*Task directions:* Pictures aside, print all of the data below exactly as written.

*Data segment:*
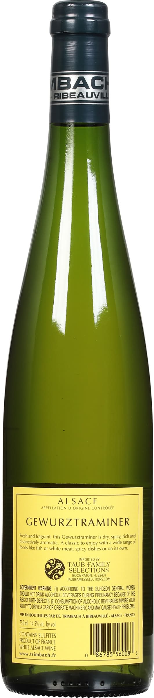 Since 1626, F.E. Trimbach has crafted wines of precision and focus from the classic terroirs of Alsace. Fresh and fragrant, Trimbach Gewurztraminer is dry, spicy, rich and distinctively aromatic - a classic to enjoy with a wide range of foods like fish or white meat, spicy dishes or on its own. taubfamilyselections.com.29 Product of France. Alcohol by volume: 14.5%
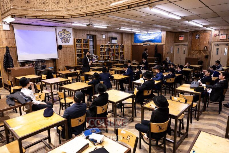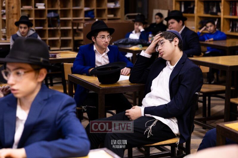 Oholei Torah 8th Grade joined for a Kinus of Torah, Tefila, and Tzedoka, in their Yeshiva on Troy Avenue in the merit of the safety of Israel. Photos
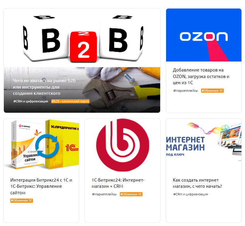 Перечень статей: https://s-alpha.ru/company/articles/ (Информация о модулях интеграции и решениях в области b2b - кабинетов)

*Solution to this exercise:*
 Since 1626, F.E. Trimbach has crafted wines of precision and focus from the classic terroirs of Alsace. Fresh and fragrant, Trimbach Gewurztraminer is dry, spicy, rich and distinctively aromatic - a classic to enjoy with a wide range of foods like fish or white meat, spicy dishes or on its own. taubfamilyselections.com.29 Product of France. Alcohol by volume: 14.5%
 Oholei Torah 8th Grade joined for a Kinus of Torah, Tefila, and Tzedoka, in their Yeshiva on Troy Avenue in the merit of the safety of Israel. Photos
 Перечень статей: https://s-alpha.ru/company/articles/ (Информация о модулях интеграции и решениях в области b2b - кабинетов)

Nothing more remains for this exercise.